> [!quote]
>
> You should call it "entropy" and for two reasons: first, the function is already in use in thermodynamics under that name; second, and most importantly, most people don't know what entropy really is, and if you use the word "entropy" in an argument you will win every time!
>
> —John Von Neumann
> [!definition]
>
> $
> H(X) = \ev(I(X)) = -\sum_{j = 1}^n p_j \log_2(p_j)
> $
> The [[Entropy|entropy]] $H(X)$ of a discrete [[Random Variable|random variable]] $X$ is its [[Expectation|expected]] [[Information|information]], or a measure of uncertainty[^1]. In cases where the random variable is often unsurprising, the entropy is low. When it is regularly surprising, the entropy is high. Uncertainty represents the *potential information* to be gained by measuring a random variable.
>
> In cases where $p_j = 0$, $p_j \log_2(p_j)$ is not well defined. For the purposes of entropy, $p\log_2(p)$ stands for the function $\phi: [0, 1] \to [0, \infty)$, where $\phi(p) = 0$ when $p = 0$, and $\phi(p) = p\log_2(p)$.
> [!theorem]
>
> Let $X$ be a discrete random variable:
> - $H(X) \ge 0$ and $H(X) = 0$ if and only if $X$ takes one of its values with certainty.

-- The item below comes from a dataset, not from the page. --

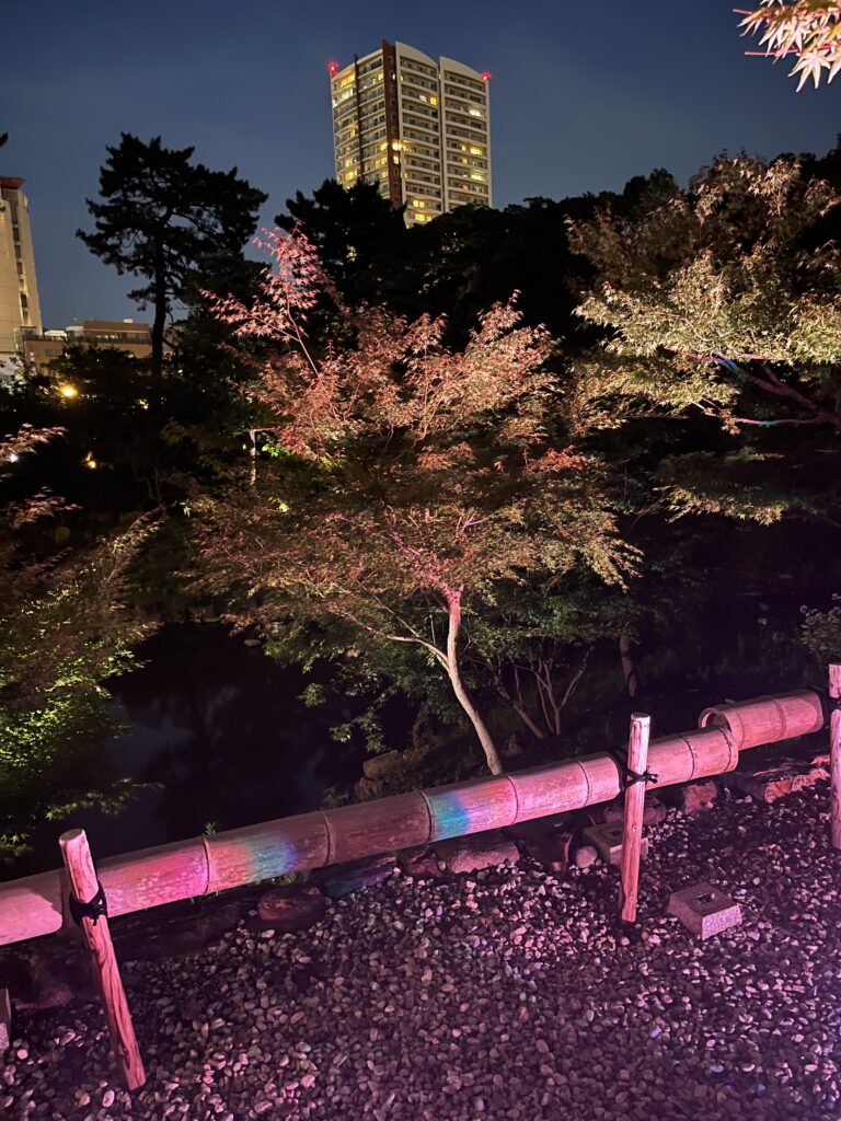 夕方から始まったお稽古が終わって外に出ると日も落ち、幻想的な明かりに照らされた日本庭園が♡♡♡

> - A [[Certain Random Variable|certain]] random variable never produces any new information because its outcome is already known.
> - $H(X) \le \log_2(n)$ with equality if and only if $X$ is [[Uniform Distribution|uniformly distributed]].
> - Uniform distribution corresponds to the greatest uncertainty.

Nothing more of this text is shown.